As the first shots rang out Sunday, first responders realized that the gunfire was raining down on the crowd from a vantage point up high. “It’s coming out a window,” a first responder shouts on dispatch audio obtained by CNN.
Attention soon focused on the Mandalay Bay hotel, several floors up and several hundred feet away.
CNN law enforcement analyst Art Roddick said he was struck by the planning that went into the attack.
“Firing from an elevated position is always what you want to do, so I would not be surprised if we have some video of him actually standing in that venue looking up at Mandalay Bay and trying to figure out which room is going to give him the best advantage.
“You can see those windows are knocked out, one in the front and one in the corner, which gave him two different angles to shoot from and that’s all part of this planning,” Roddick said.
The presence of other hotel guests in the rooms surrounding Paddock’s meant that police couldn’t return fire from the ground, he explained.

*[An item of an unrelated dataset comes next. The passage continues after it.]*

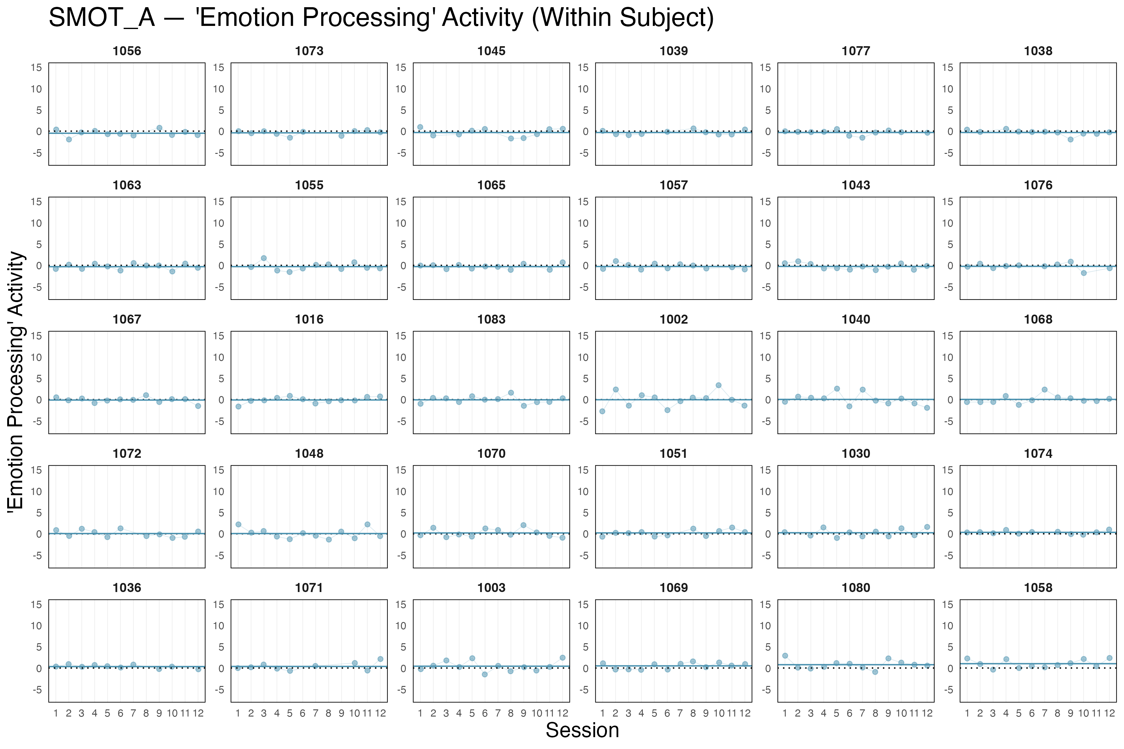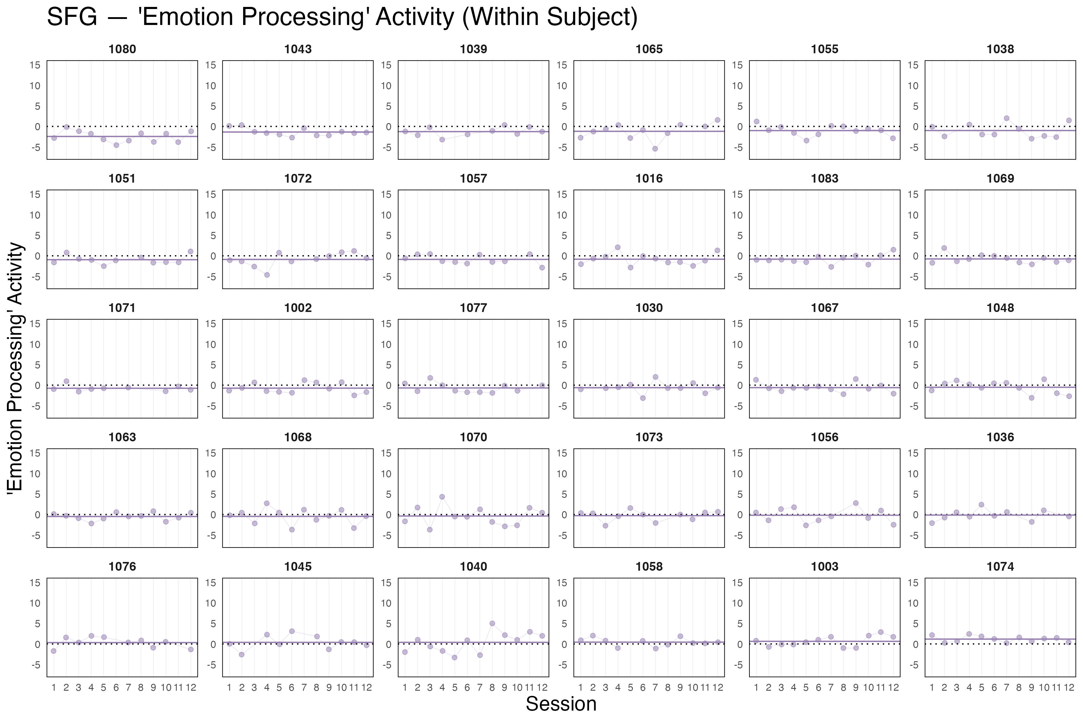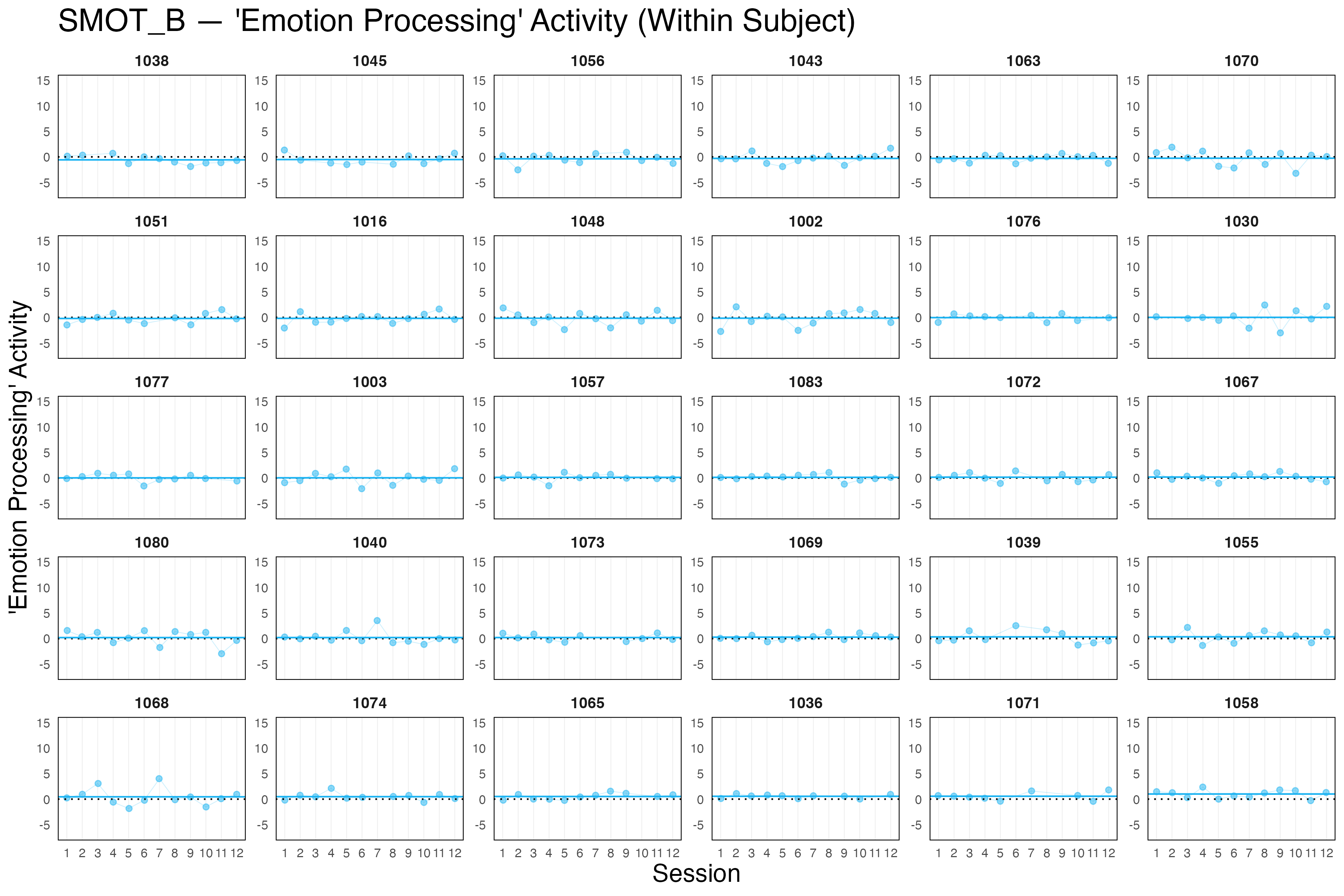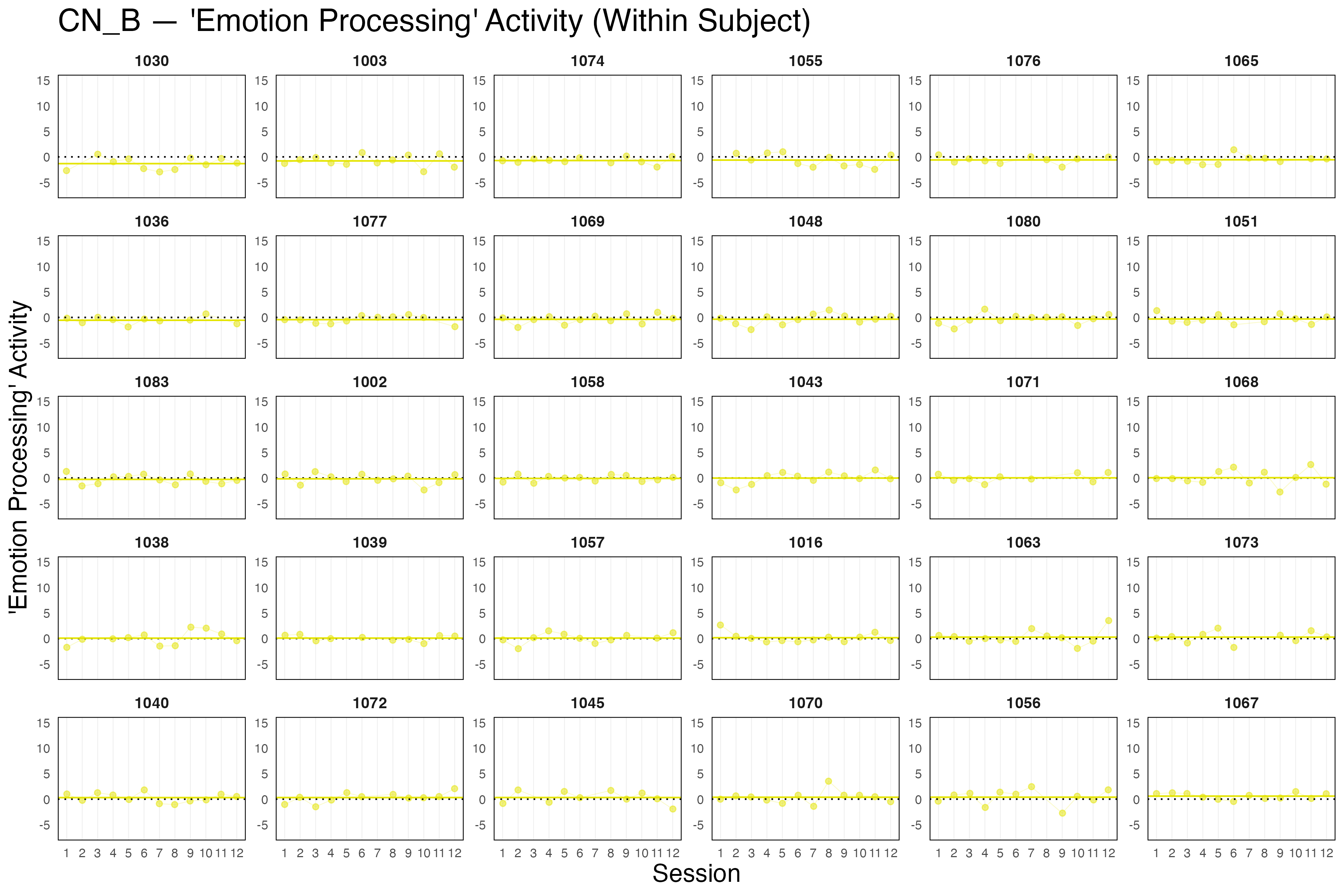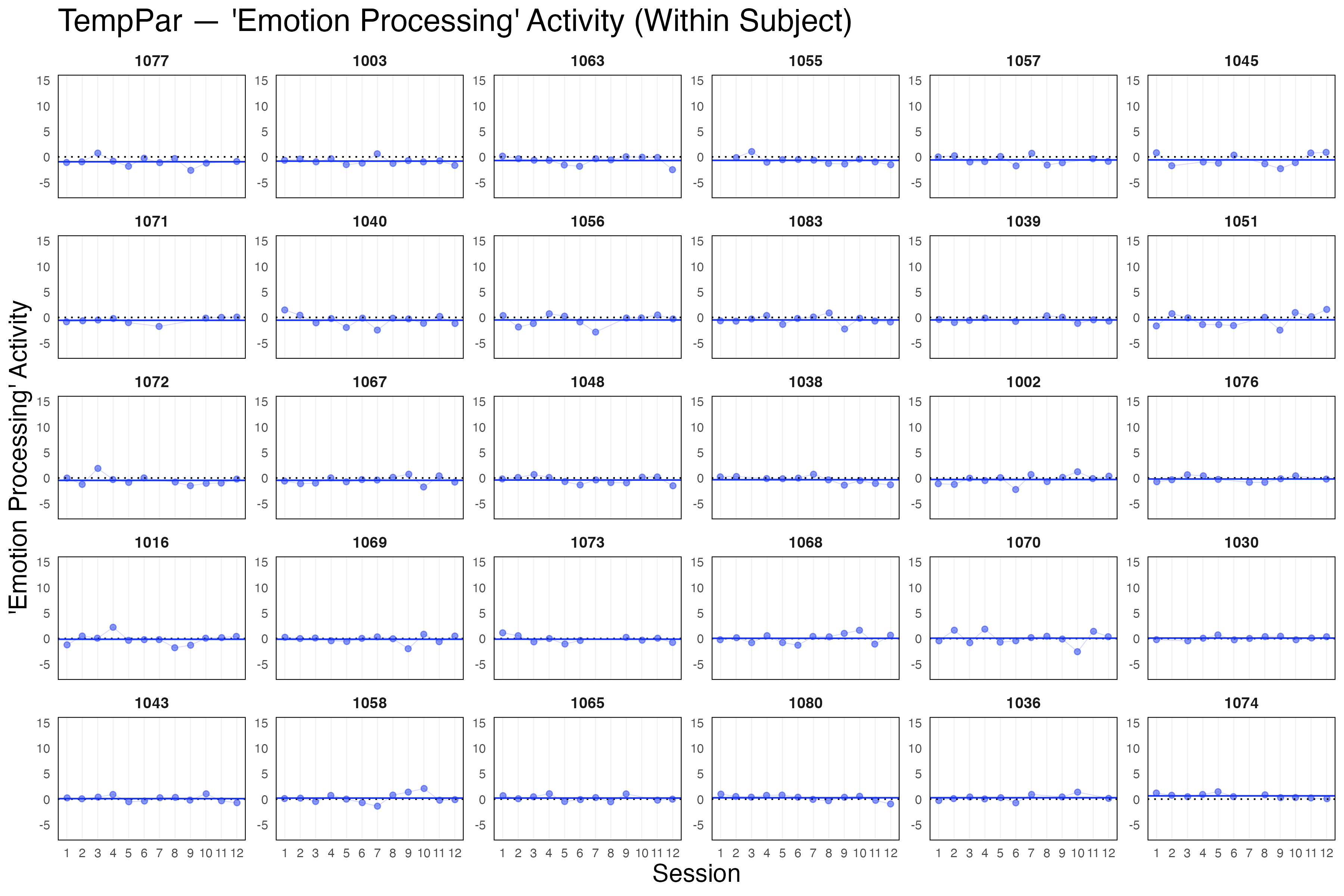Amygdala. By reviewing the between-subject plots, we can see that the within-subject variability in ‘emotion processing’ activity in the amygdala (the transparent points) is as large or larger than the between-subject variability.

Police entered the hotel to begin working their way to the shooter’s sniper nest.
“A team of six officers that approached security, they went up the elevators after discussing the situation with the security and obtaining intelligence,” Lombardo said.
“And they checked each floor by floor until they located where they believe to be the room,” the sheriff said.
High up on the hotel’s residential floors, a first responder radioed in: “I’m inside the Mandalay Bay on the 31st floor, I can hear automatic fire coming from one floor ahead… one floor above us.”
“Subsequently they approached the room, received gunfire, they backed off and SWAT responded,” Lombardo said.
Undersheriff Kevin McMahill said once the first responders had “isolated this individual to the two rooms, our SWAT team used the explosive breaching to go in and confront the individual.”
A SWAT officer is heard on police radio: “We need to pop this (door) and see if we get any type of response from this guy. See if he’s in here or if he’s actually moved somewhere else.”
Once inside the room, police found the shooter dead, apparently from a self-inflicted gunshot. Lombardo said police believe Paddock “killed himself prior to our entry.”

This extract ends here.